Just about anyone who has responsible for the daily operations of a warehouse has either already experienced this situation (probably many times over) or likely will at some time in the future. You're struggling with a lack of warehouse space and your cries for help are pretty much ignored by those with the power to do something about it.
And here's why. They (upper management, the owner(s), alien life forms, the usual "they" suspects) simply don't believe you. They've heard these complaints before and yet somehow you (or someone else in your shoes) managed to still get the job done. In addition, they may have occasionally walked down into the warehouse and observed empty space, maybe some partially empty shelves or completely empty pallet locations. "Plenty of space here, I don't know what the hell [INSERT YOUR NAME] is whining about".

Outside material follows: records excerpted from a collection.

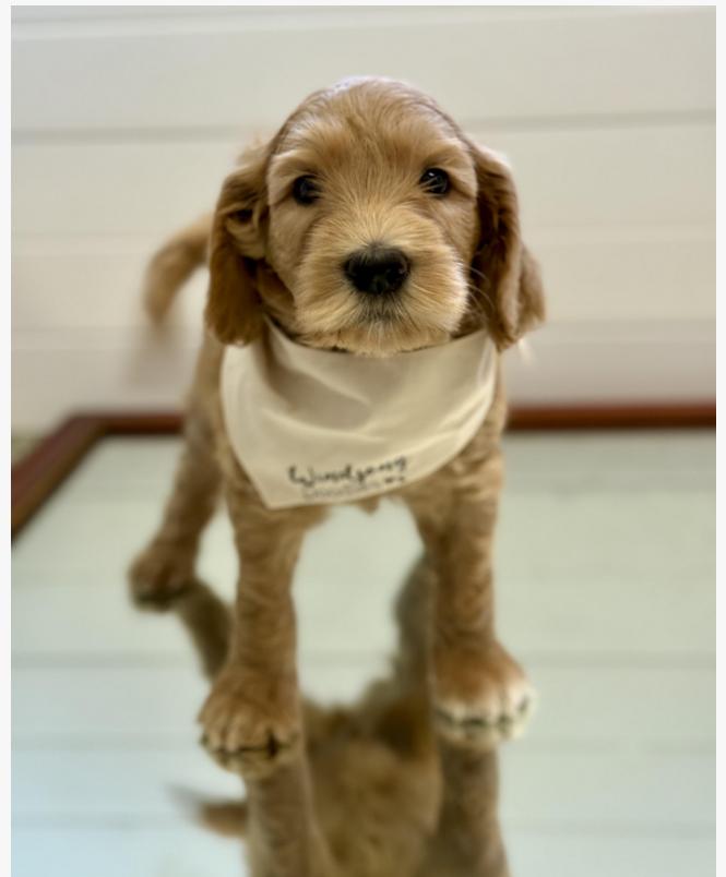
Goldendoodle ca -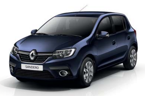
Navy Blue* (O)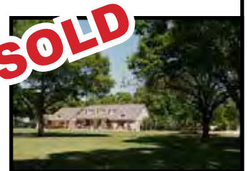
17659 Cypress Fields Cypress Fields under contract

Homes Under Contract - List With Me, I Sell Cypress!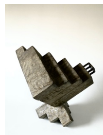
GENSEKI- abstraction - / ceramic / h38×w43×d30cm / 2020

*If there are anything you need further information, please feel free to contact me ( masaru_nishiyama@hartbeat.co.jp ).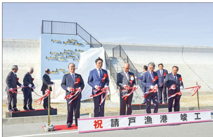
Photo shows Namie Mayor Kazuhiro Yoshida (L, front row) cuts the ribbon at a ceremony in Fukushima Prefecture on 20 Nov 2021.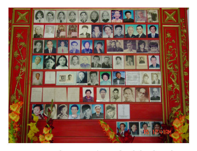
Pictures and names of war dead displayed in the back of a Buddhist pagoda, Quang Nam.

The cruel history of the Cold War is not a thing of the past in the villages that survived the war. The historical identity of the village still fluctuates in the violent memory of night and day, and between the hero and victim identities that together perpetuate this irreconcilable contradiction. In this double historical memory, Ha My and My Lai were both VC and "No VC" villages. Each harbored 80 percent cach mang (revolutionaries) and 20 percent Vietcong subversives. Pride and stigma, and honor and terror, tail one another and keep alive the magical realism in which a village is both VC and "No VC." Likewise, the collective identity of the victims of the village massacres remains unclassifiable. The victims were "simple villagers," and they were not. They were "heroic defenders of the native land," and they were not.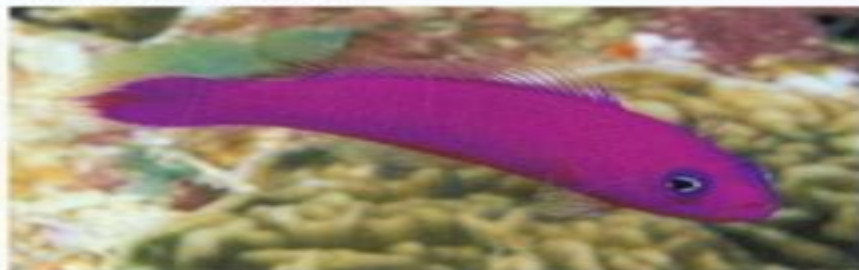
MAGENTA DOTTYBACK Pictichromis porphyrea SIZE: to 6.3 cm (2 1/2 in.) Dottybacks – Pseudochromidae ID: Magenta. Solitary or form small, loosely scattered groups. Base of steep dropoffs or in caves and crevices in steep slopes and coastal and outer reefs in 5 to 40 m, usually below 15 m.

Asian Pacific: N.W. Australia, E. Indonesia, Papua New Guinea and Solomon Is.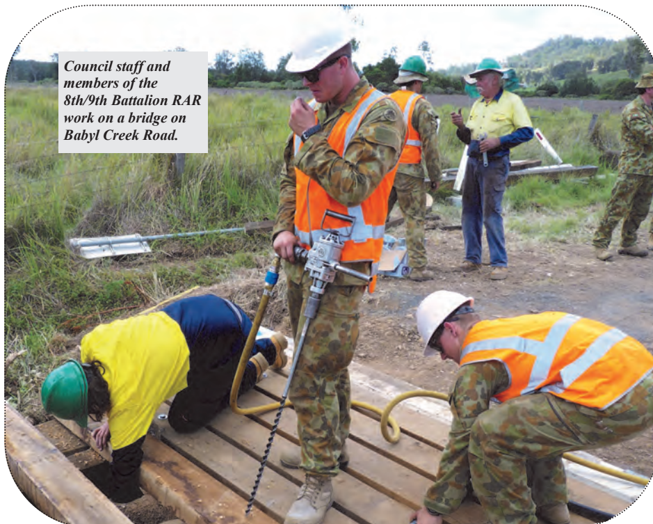
Council staff and members of the 8th/9th Battalion RAR work on a bridge on Babyl Creek Road.

Council started work on replacing the water main in Bloore Street, Kyogle in October and is hoped to be finished in December. The Bloore Street main was laid in the 1950s and in recent years leaks and burst pipes have been common. Council thanks everyone affected by these works for their patience.

So either you are way too needy, or they don't understand warehouse capacity. While I won't completely dismiss the former, I think the latter is the more likely problem here. The problem is they are looking at "theoretical capacity" and you are dealing with "working capacity" (also called "effective capacity", "practical capacity", "rated capacity").
Theoretical Storage Capacity, Utilization, and Working Capacity.
Theoretical capacity is easy to explain. It's the actual physical capacity of the space dedicated for storage. So if you have a simple warehouse setup with 1,000 pallet locations all designed for 40" x 48" x 72" pallets, your theoretical capacity would be 1,000 full pallets or 80,000 cubic feet (80 cubic Ft. per pallet times 1,000 pallets).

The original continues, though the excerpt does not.